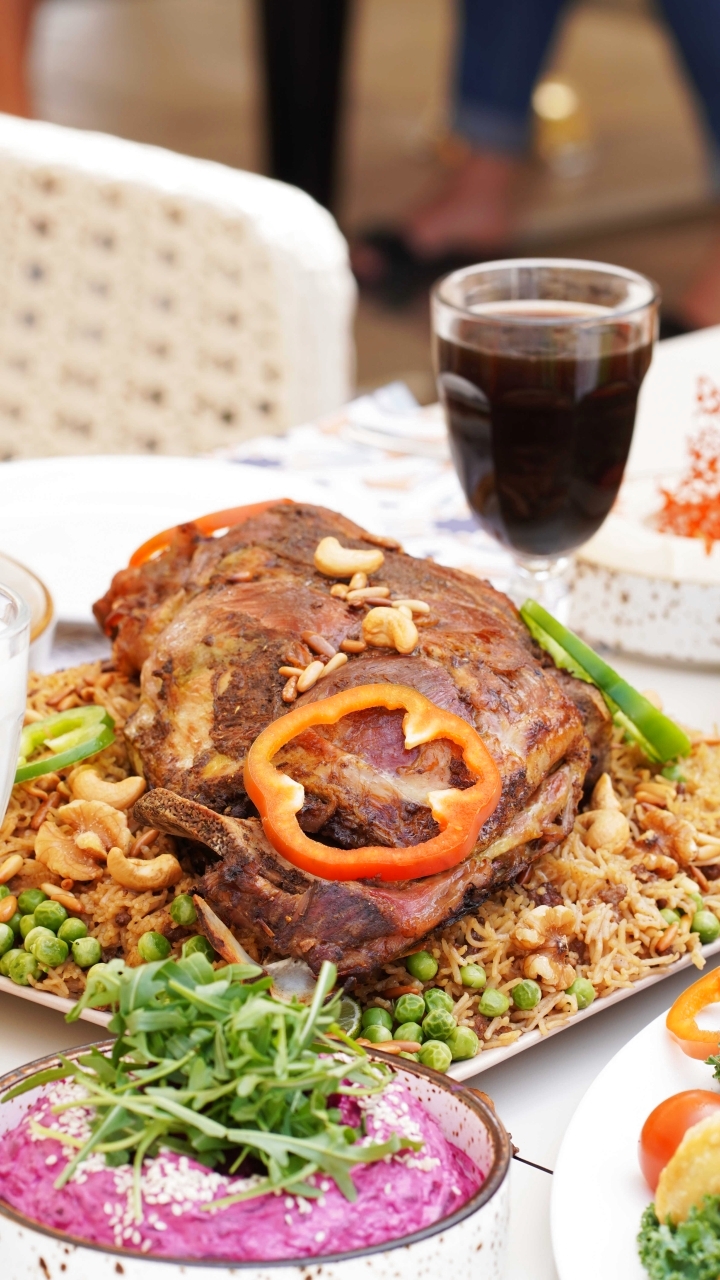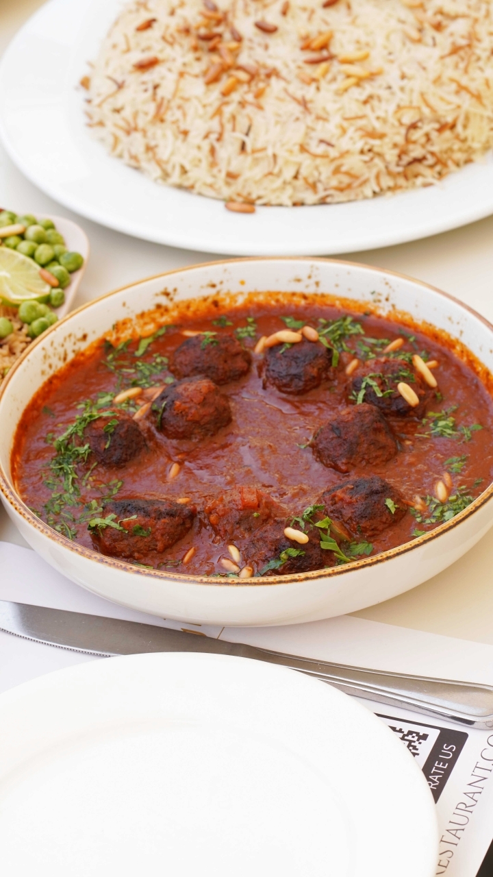 بهارات خاصة وأرز شرقي ولحم مفروم وبازيلاء ومكسرات متنوعة مع نكهة السمن
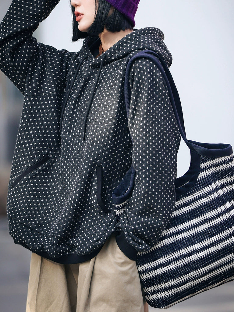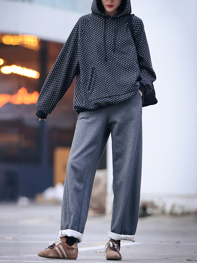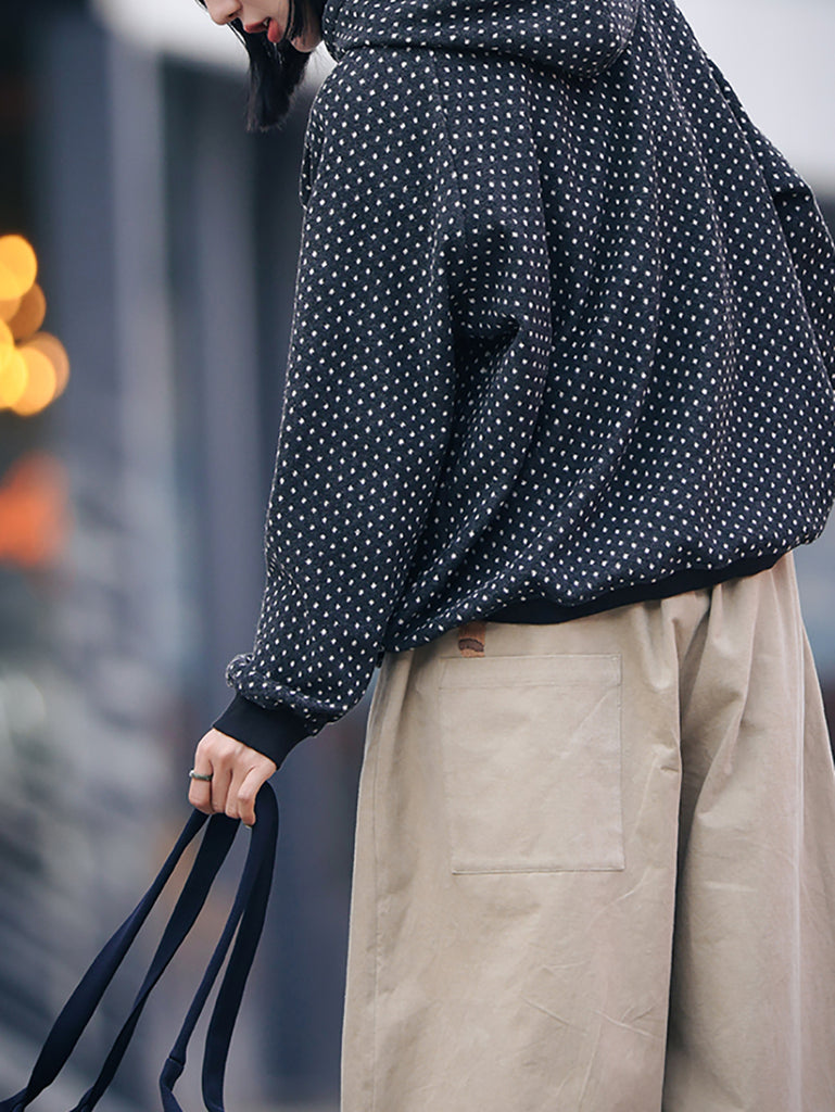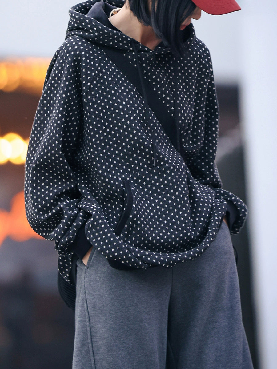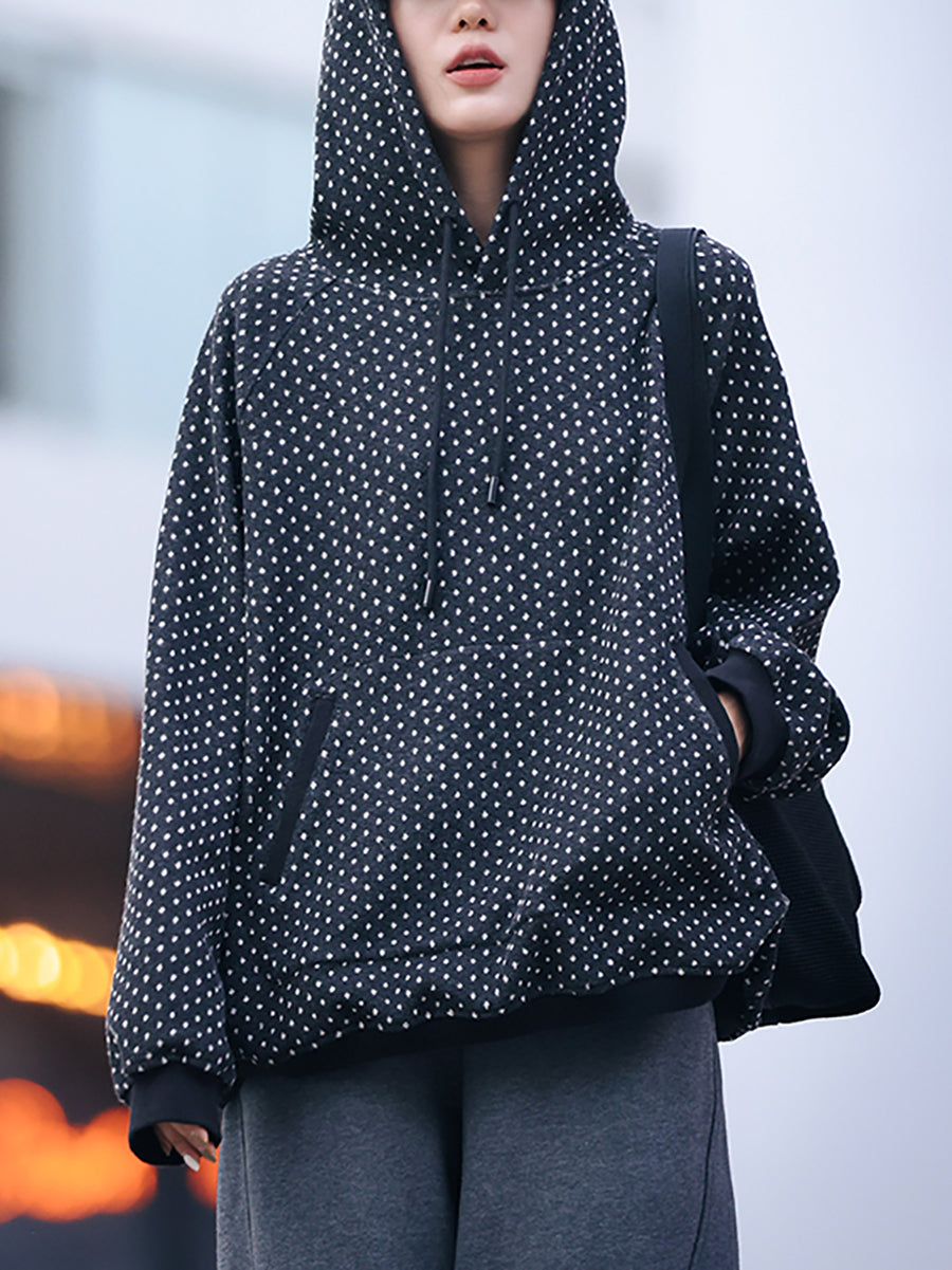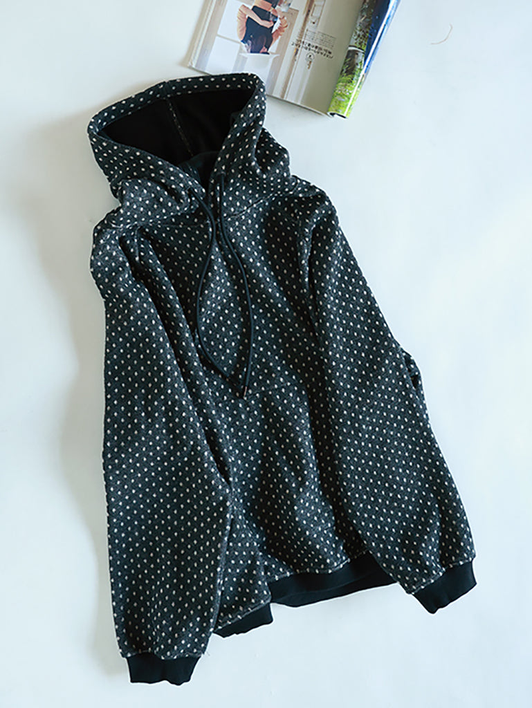 Sudadera vintage de lunares para mujer con capucha de invierno
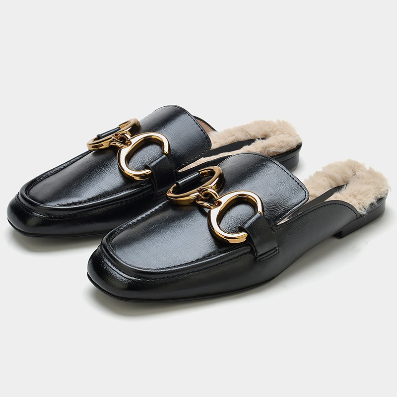 GIÀY DÉP SỤC DA ZARA XUẤT DƯ TUỒN NỮ MÀU ĐEN ĐẾ BỆT CÓ LÔNG
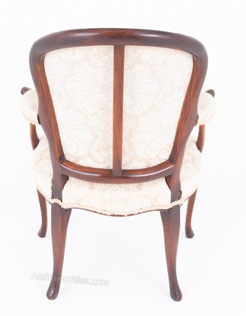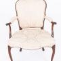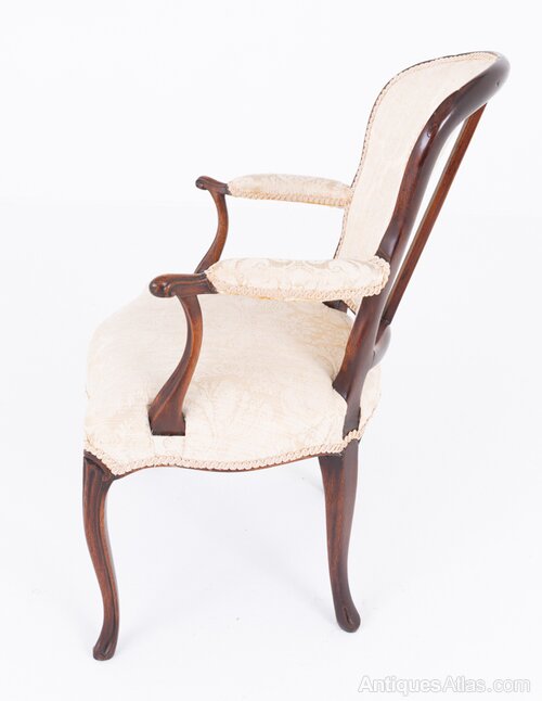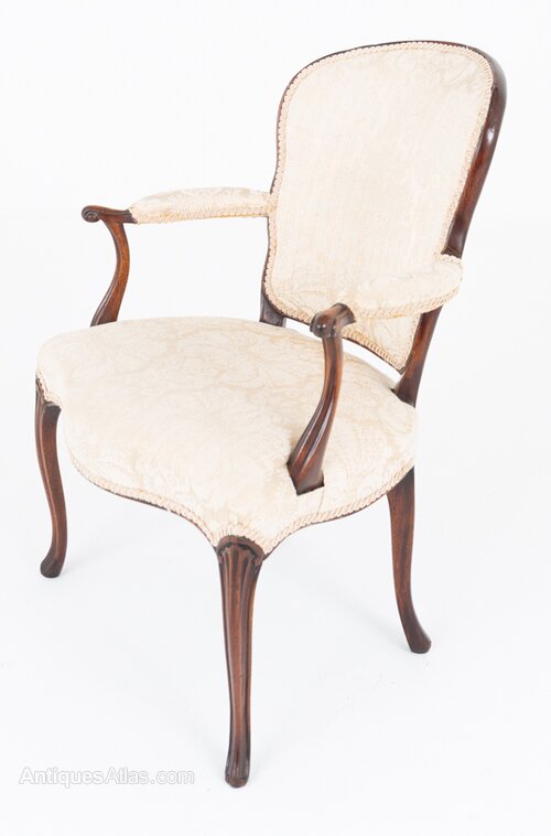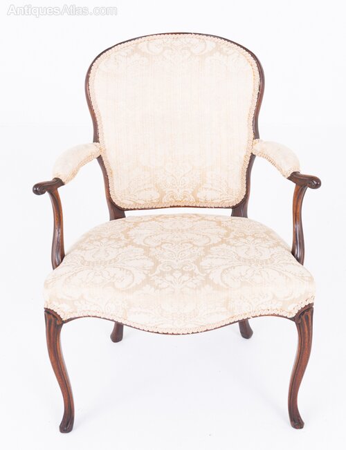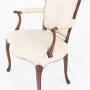 A refined pair of mahogany open armchairs in the elegant Hepplewhite style. Each chair stands on graceful cabriole front legs with swept-back rear legs, giving the pieces a balanced and sophisticated silhouette.The serpentine-shaped stuffed-over seats provide comfort while complementing the flowing lines of the frame. Padded arms rest on shaped supports, adding both elegance and practicality. The upholstered backs are of a wood-show form, highlighting the quality and craftsmanship of the mahogany frame.

- [Problem requirements] Only the text of the listing above is copied, exactly as written; its pictures are dropped.

- [Reply]
 بهارات خاصة وأرز شرقي ولحم مفروم وبازيلاء ومكسرات متنوعة مع نكهة السمن
 Sudadera vintage de lunares para mujer con capucha de invierno
 GIÀY DÉP SỤC DA ZARA XUẤT DƯ TUỒN NỮ MÀU ĐEN ĐẾ BỆT CÓ LÔNG
 A refined pair of mahogany open armchairs in the elegant Hepplewhite style. Each chair stands on graceful cabriole front legs with swept-back rear legs, giving the pieces a balanced and sophisticated silhouette.The serpentine-shaped stuffed-over seats provide comfort while complementing the flowing lines of the frame. Padded arms rest on shaped supports, adding both elegance and practicality. The upholstered backs are of a wood-show form, highlighting the quality and craftsmanship of the mahogany frame.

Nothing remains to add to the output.